In the 2006–07 season, Liang won gold at the 2006 Nebelhorn Trophy and pewter at the 2007 U.S. Championships. The following season, she came in fifth nationally, eleventh at Four Continents, and tenth in her only appearance at the senior World Championships.

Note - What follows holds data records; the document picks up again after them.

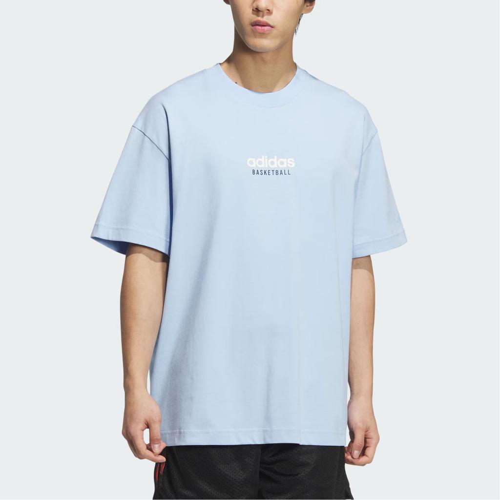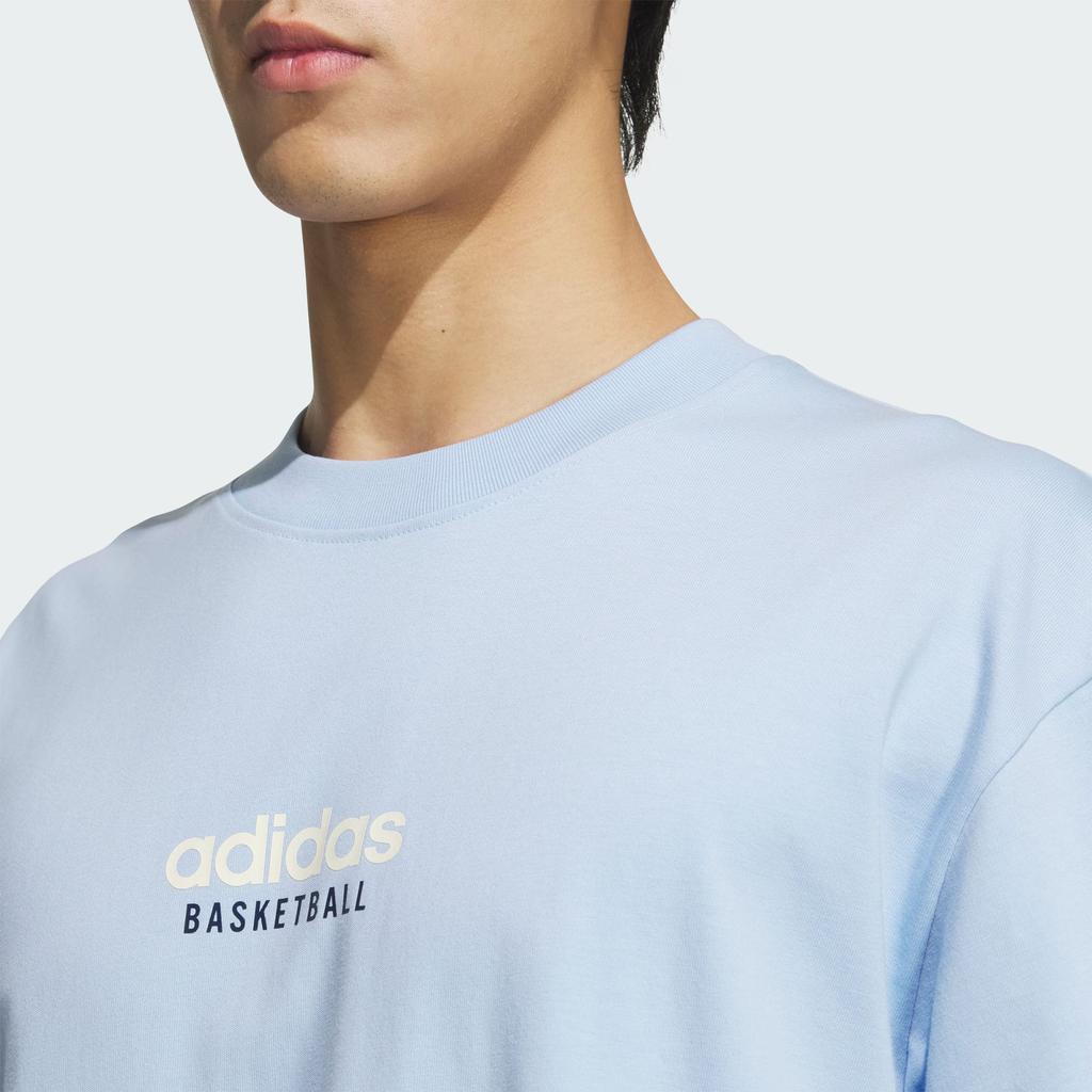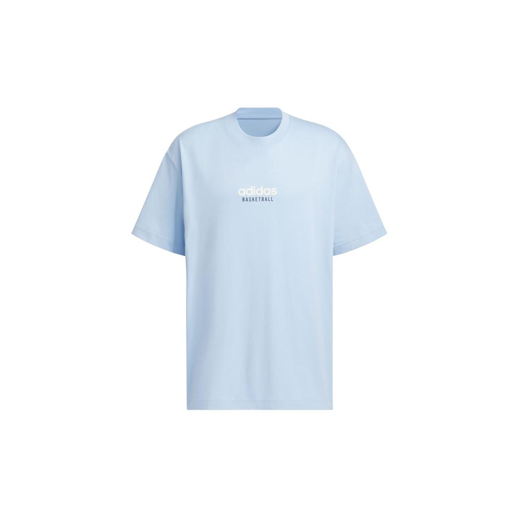 Adidas Футболка с графическим принтом и баскетбольным принтом, спортивная, с круглым вырезом, мужская, ярко-синяя, JD6404
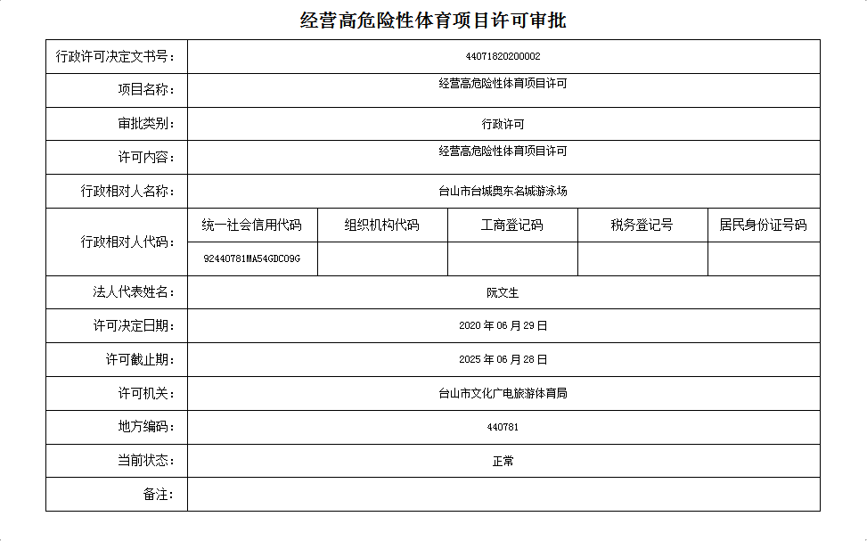 經營高危險性體育項目許可審批-臺山市臺城奧東名城游泳場
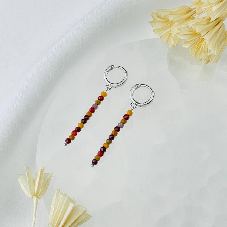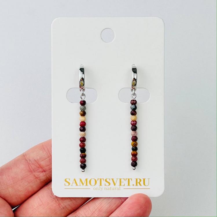 Серьги длинные из Яшмы (Мукаит), граненый, кольцевой замок, Австралия

Liang retired from competition in 2010.

She is currently the head coach for the Los Angeles Ice Theater Junior Team, previously coaching the Novice Team. She led the Novice team to two National silver medals and 8th place at the 2015 Nations Cup and the Junior team to a pewter medal at the 2016 National Theater on Ice Championships.

== Personal life ==
Liang is also a pianist. She graduated from California State University, Northridge, with a B.S. in kinesiology and an option in exercise science. She is also a part of C.O.S.M.I.C dance crew. She excels in many genres of dance: ballet, modern, hip hop and contemporary.

==Programs==

| Season | Short program | Free skating | Exhibition |
| 2009–2010 | El Tango de Roxanne (from Moulin Rouge!) by Mariano Mores ; | Symphony No. 9 "From the New World" by Antonín Dvořák ; Concerto for Violin and Orchestra in D Major by Ludwig van Beethoven ; Symphonic Dances Op. 46 by Sergei Rachmaninoff ; |  |
| 2008–2009 | The Sorcerer's Apprentice by Paul Dukas ; | Memoirs of a Geisha by John Williams ; |  |
| 2007–2008 | Yellow River Piano Concerto by Yin Chengzong and Lang Lang ; |  |
| 2006–2007 | Firedance by David Foster ; | Caravan by Arthur Fiedler, Duke Ellington ; | Lullaby for a Stormy Night by Vienna Teng ; |
| 2005–2006 | Hope, Romance by Apocalyptica ; Oblivion by Astor Piazzolla ; |  |
| 2004–2005 | Harry Potter and the Philosopher's Stone by John Williams ; | Black Earth (soundtrack) ; Tango by Astor Piazzolla ; |  |
| 2003–2004 | Carmen by Georges Bizet ; | Signs by James Newton Howard ; The Mission by Ennio Morricone ; | Until by Sting ; |
| 2002–2003 | Duel by Tonči Huljić performed by Bond ; | Violin Concerto in D Minor by Pyotr Ilyich Tchaikovsky ; | Always by Sting ; |
| 2001–2002 | Scene d'Amour by Sarah Brightman ; | Incantation by Cirque du Soleil ; |  |
| 2000–2001 | Symphony No. 6 by Pyotr Tchaikovsky ; | Anytime Anywhere by Sarah Brightman ; |

==Competitive highlights==
GP: Grand Prix; JGP: Junior Grand Prix

International
| Event | 99–00 | 00–01 | 01–02 | 02–03 | 03–04 | 04–05 | 05–06 | 06–07 | 07–08 | 08–09 | 09–10 |
| Worlds |  |  |  |  |  |  |  |  | 10th |  |  |
| Four Continents |  |  |  |  |  | 7th | 3rd |  | 11th |  |  |
| GP Cup of China |  |  |  |  |  |  |  | 5th | 6th |  | 10th |
| GP Cup of Russia |  |  |  |  | 5th |  |  |  | 8th |  |  |
| GP France |  |  |  |  | 4th |  |  |  |  | 5th |  |
| GP NHK Trophy |  |  |  |  |  |  |  | 4th |  |  |  |
| GP Skate America |  |  |  |  |  |  | 4th |  |  |  |  |
| GP Skate Canada |  |  |  |  |  |  |  |  |  | 6th |  |
| Nebelhorn Trophy |  |  |  |  |  |  | 3rd | 1st |  |  |  |
International: Junior
| Junior Worlds |  |  | 4th | 6th |  |  |  |  |  |  |  |
| JGP Final |  |  |  | 4th |  |  |  |  |  |  |  |
| JGP China |  |  |  | 2nd |  |  |  |  |  |  |  |
| JGP U.S. |  |  |  | 2nd |  |  |  |  |  |  |  |
National
| U.S. Champ. | 6th J | 6th | 9th | 7th | 7th | 5th | 5th | 4th | 5th | 14th | 7th |
Team events
| Japan Open |  |  |  |  |  |  |  |  |  |  | 2nd T 6th P |
Levels: N = Novice; J = Junior T = Team result; P = Personal result; Medals awarded for team result only.